The spoke cable‐net structure is a typical flexible tensile structure that relies solely on cables as load‐bearing components. Its unique topological characteristics, composed of ring cables and radial cables, determine that the main challenge in its form‐finding lies in controlling the spatial configuration of the inner ring. Existing computational methods primarily rely on numerical iteration based on empirical trial and error, which makes it difficult to effectively address the multi‐variable coupling problem between the prestress distribution and the geometric configuration of the ring cables.

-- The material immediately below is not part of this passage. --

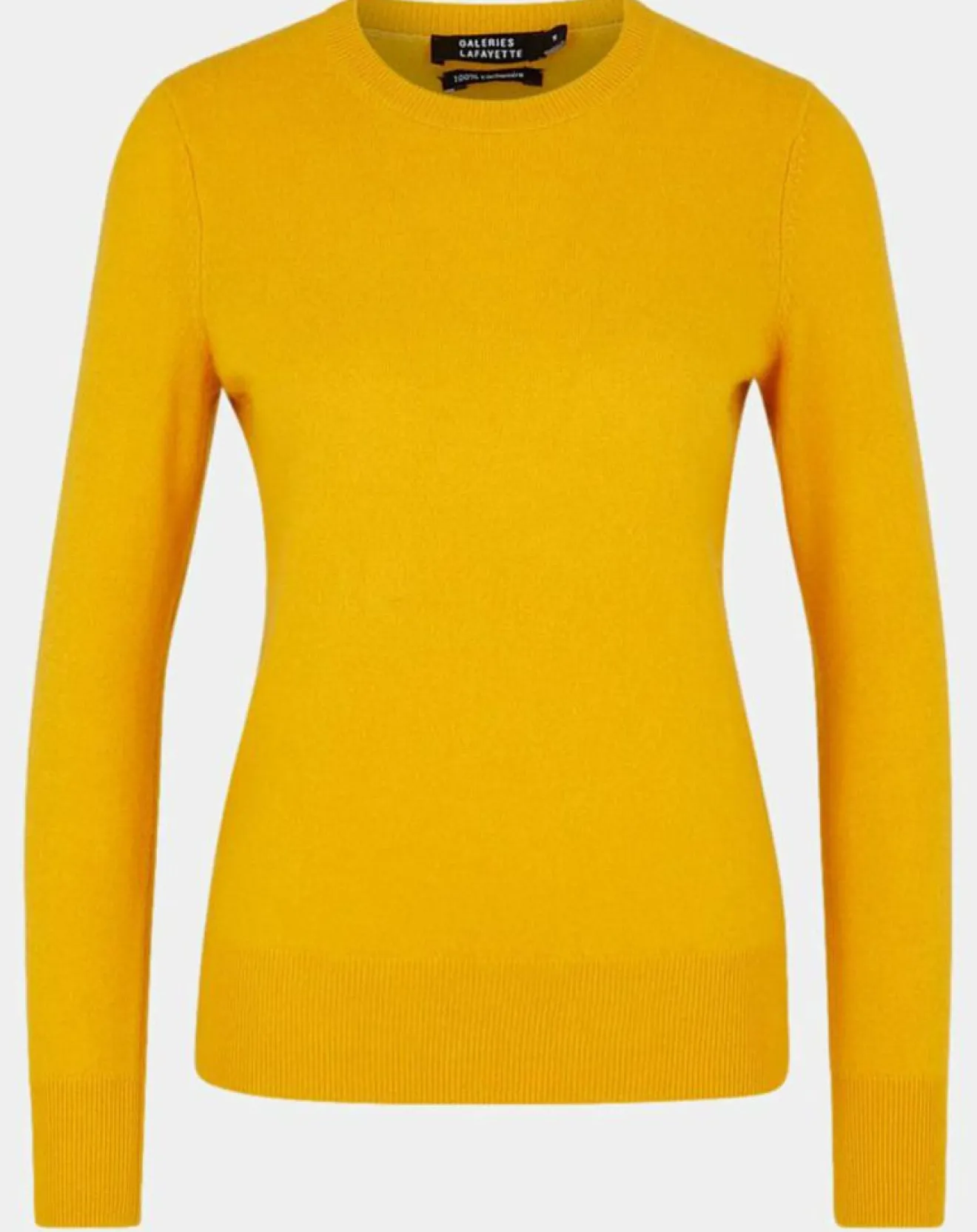 Ce pull droit Galeries Lafayette en cachemire est muni d’un col rond, de manches longues et de finitions côtelées.

Accordingly, this paper aims to establish a deep learning‐based autonomous form‐finding framework driven by geometric constraints and physical equations to achieve the simultaneous intelligent solution of prestress distribution and spatial configuration. The effectiveness and versatility of the proposed method are validated through case studies with various regular and irregular geometric forms. To enhance the precision of form‐finding for structures with intricate geometries, a dual‐optimizer strategy integrating the adaptive moment estimation and limited‐memory Broyden Fletcher Goldfarb Shanno algorithms is implemented. For a spoke cable‐net structure spanning 100 m, the intelligent form‐finding accuracy can be maintained within 1 cm, ensuring a satisfactory form‐finding outcome. The proposed deep neural network (DNN) method automatically correlates cable force distribution with geometric configuration, offering a novel computational approach and solution pathway for the automated shape determination and configuration design of flexible cable structures.
基于物理约束神经网络的轮辐索网结构自动找形方法
轮辐索网结构是一种典型的柔性拉伸结构,完全依赖于电缆作为承重部件。其独特的拓扑特征,由环形电缆和径向电缆组成,决定了其寻找形式的主要挑战在于控制内环的空间配置。现有的计算方法主要依赖于基于经验试错的数值迭代,难以有效解决预应力分布与环索几何形态之间的多变量耦合问题。因此,本文旨在建立一个基于深度学习的几何约束和物理方程驱动的自主寻形框架,以实现预应力分布和空间配置的同时智能求解。通过各种规则和不规则几何形式的案例研究,验证了该方法的有效性和通用性。为了提高复杂几何结构的寻形精度,实现了一种结合自适应矩估计和有限记忆Broyden Fletcher Goldfarb Shanno算法的双优化策略。对于跨越100米的辐条索网结构,智能寻形精度可以保持在1厘米以内,确保令人满意的寻形结果。提出的深度神经网络(DNN)方法将索的受力分布与几何构型自动关联起来,为柔性索结构的自动形状确定和构型设计提供了一种新的计算方法和求解途径。
本文章由计算机程序翻译,如有差异,请以英文原文为准。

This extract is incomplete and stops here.